Прислушались. Да, наст похрустывал…
И тут-то все и началось! Когда я говорил про Винна, я думал образумить их, а получилось все наоборот. Теперь я им кричал:
— Постойте! Помогите! Да разве я один здесь теперь управлюсь?
Какое там! Они как будто обезумели. Визг, топот, беготня кругом! Да, их можно, конечно, понять, но в то же время…
Да! Ну, в общем, тогда было так: еще второй фитиль не догорел, а Фьорд был уже пуст. Сперва ушли дружинники, потом ушли рабы. Торстайново добро никто не брал, хоть Сьюгред и открыла все его сундуки. Да что Торстайново они даже свое добро бросали. Брали припасы, теплую одежду и детей — и чуть ли не бегом покидали поселок. Вот так! А тут еще очаг начал дымить. Я сел возле него, взял кочергу, пошевелил уголья. Потом спросил:
— Так лучше?
— Да, — сказала Сьюгред.
Она сидела у Торстайна в изголовье. На ней был новый черный плащ, расшитый скатным жемчугом. Я усмехнулся и сказал:
— Красивый плащ.
— Да уж красивее того, который ты бросил собакам.
— Собаки были очень голодны.
— А я оскорблена. Скажи, зачем ты остался?

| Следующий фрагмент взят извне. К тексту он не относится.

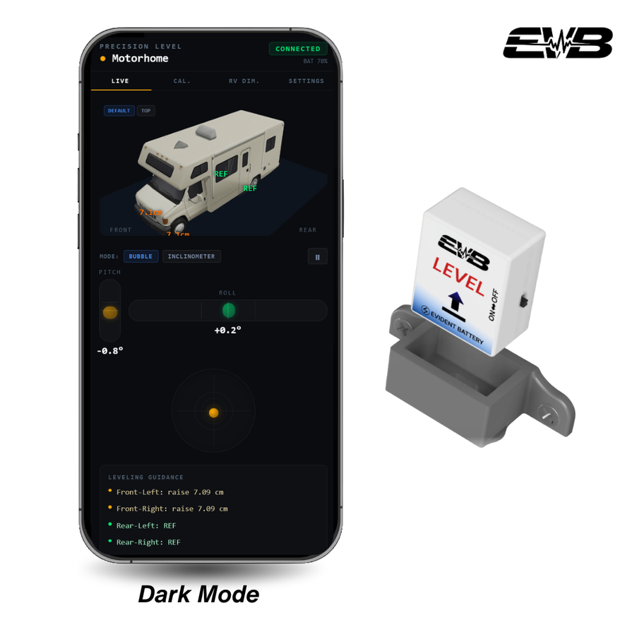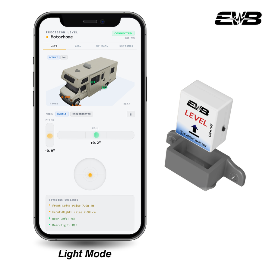 Get instant feedback on exactly how much adjustment is needed and where. EVB Level removes trial and error, enabling quick, accurate leveling by a single user—even in low-light conditions.
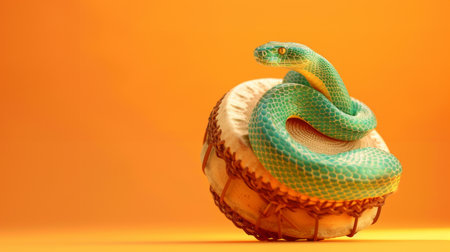 Ethnic drum set against an orange background, with a vibrant green viper coiled around it, exuding danger and exoticism with its glistening scales
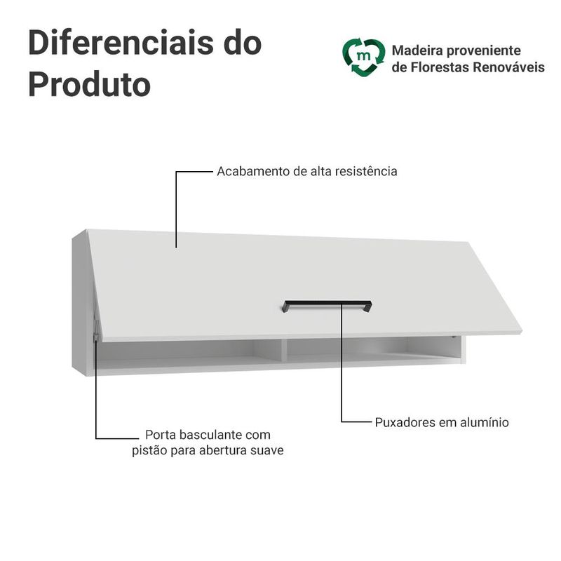 Armário Aéreo 100 cm 1 Porta Basculante Branco Agata Madesa REF: 7891760079299
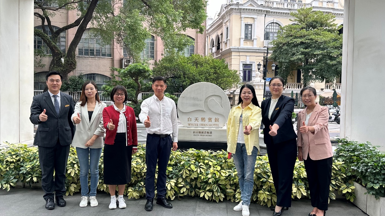 2024年11月19日,应用外语学院党总支书记罗春科、院长彭枚芳、旅游英语专业带头人徐秀玉以及旅游英语专业教师黄清霞、江娟一行,前往广州白天鹅宾馆,深入了解该酒店实习生的工作与生活情况,并与酒店管理层就校企合作进行了深入交流。
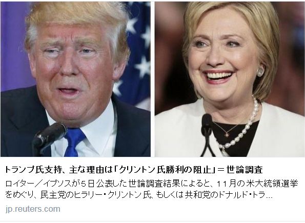 トランプ氏支持、主な理由は「クリントン氏勝利の阻止」=世論調査 https://t.co/rn8rKS2YSv @Reuters_co_jpより
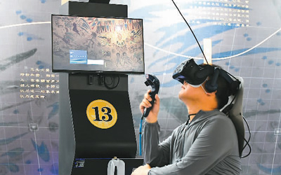 游客借助VR設備沉浸式游覽莫高窟第285窟虛擬場景。
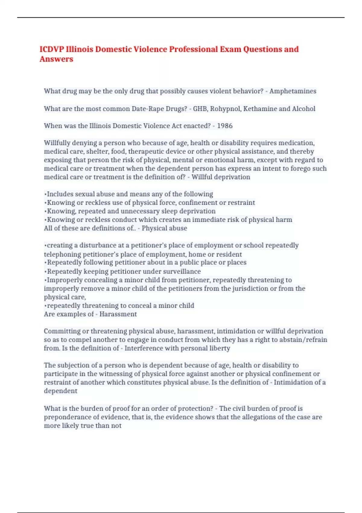 ICDVP Illinois Domestic Violence Professional Exam Questions and Answers
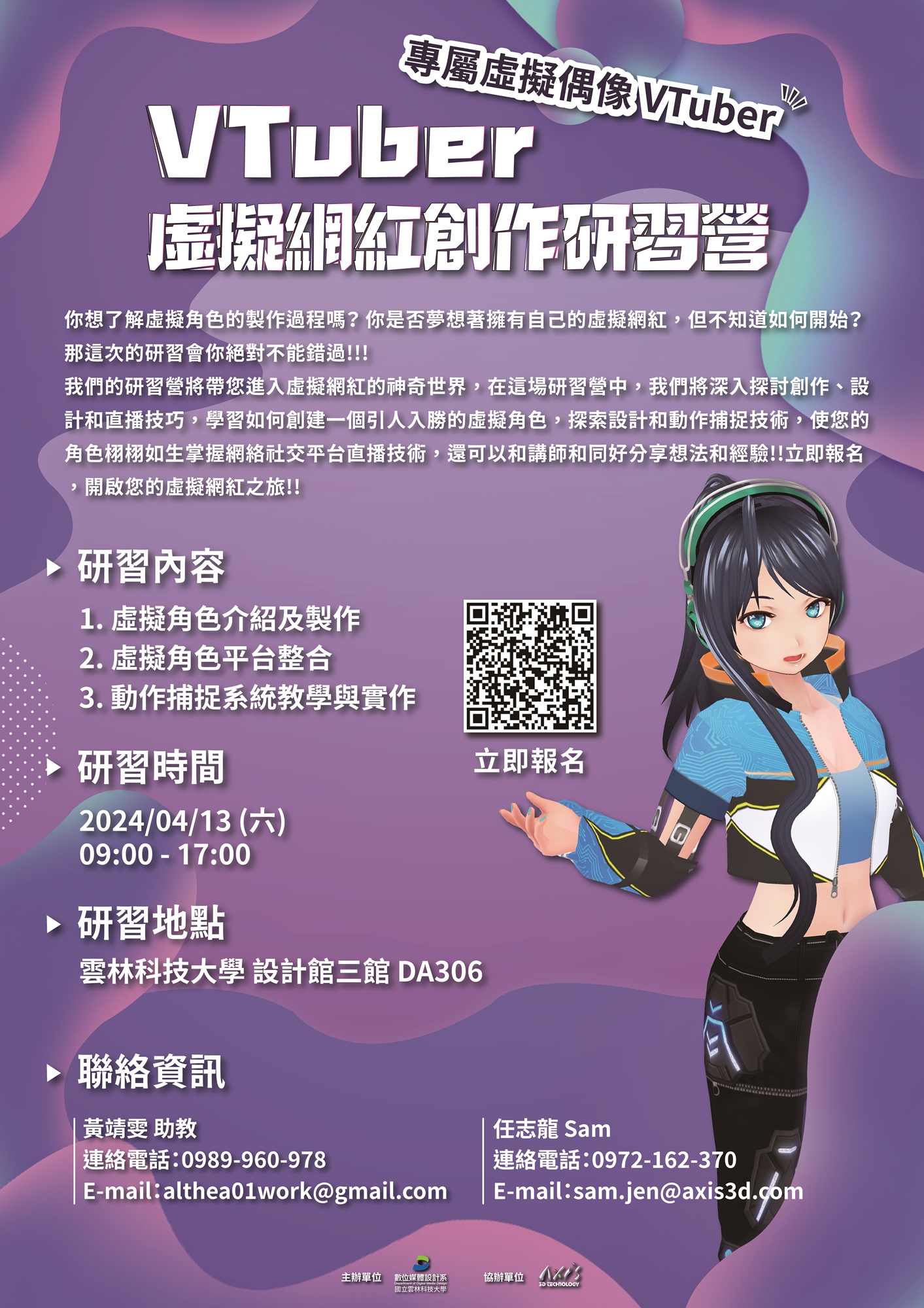 比賽官網頁面:https://www.axis3d.com/post/2024元宇宙虛擬網紅創作設計大賽報名開跑囉
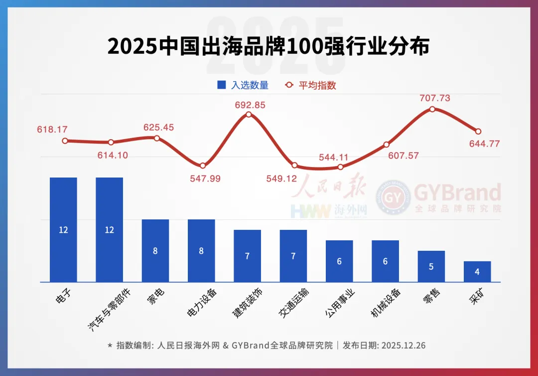 3.从行业维度看,2025中国出海品牌百强名单分布于20个行业。其中,电子、汽车行业是“规模主力”,建筑装饰、零售行业则是“实力标杆”,这一格局既体现了中国制造业的出海根基,也反映出消费类、服务类品牌在海外市场的进阶潜力。
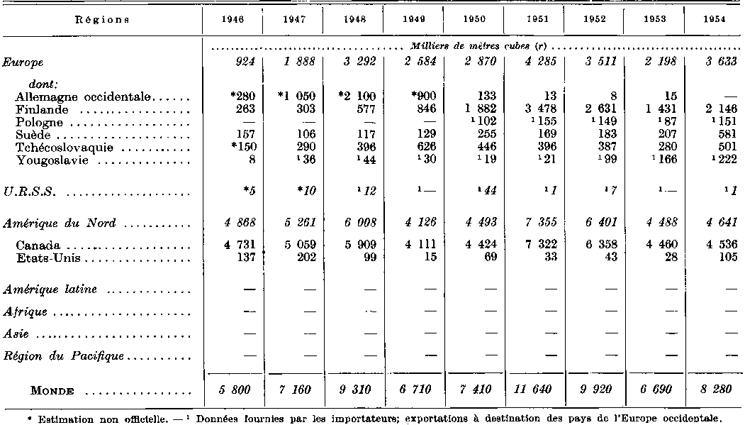 Dans les autres régions du monde, le volume du commerce des bois ronds reste à peu près insignifiant, excepté entre pays voisins, comme en Europe. Il y a eu une augmentation des exportations de bois à pâte du Canada vers les Etats-Unis, mais le volume des exportations des bois de mine de l'Amérique du Nord vers l'Europe a diminué. Le commerce des grumes de bois dur des Philippines vers le Japon a montré de remarquables augmentations en année. L'U.R.S.S. n'a pas repris ses exportations de bois à pâte, et est, en fait, devenu importateur de ce produit. Les exportations de bois de mine n'ont été reprises que lentement et sur une échelle beaucoup plus faible qu'avant-guerre.
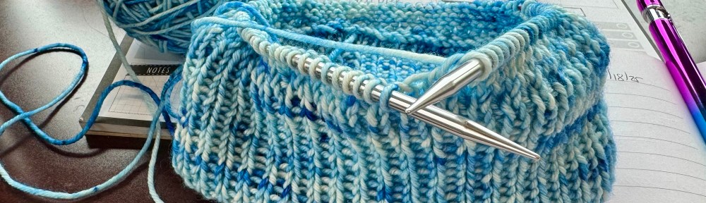I am past the infernal one by one ribbing on my Online Training Hat! Though I am still stuck in the training classes…

— Чтобы проводить его. Ты поможешь мне?
— Да.
Торстайн был рослый и очень тяжелый. Мы оба выбились из сил, пока несли его. Потом я разводил огонь, а Сьюгред пела гимны. Потом Торстайн горел, а мы стояли, обнаживши головы, молчали. Потом опять пришли в землянку. Сьюгред готовила на стол, а я сидел и молча ждал. Потом мы его молча поминали. А наст — мы слышали — поскрипывал, потрескивал…
Сьюгред спросила:
— Ты когда уйдешь?
— Куда?
— Не знаю.
— Вот и я тоже не знаю!
И это была истинная правда. Я не дружинник, не раб. Куда и с кем мне было уходить? И потому я и остался там, в бывшем Счастливом Фьорде. А ей я так сказал:
— Те, кто бежал — это трусливые глупцы! Потому что разве можно убежать от Винна? Винн вездесущ, Винн триедин. Захочет, так везде тебя найдет — и на земле, и на воде, и в небесах. Ведь так?!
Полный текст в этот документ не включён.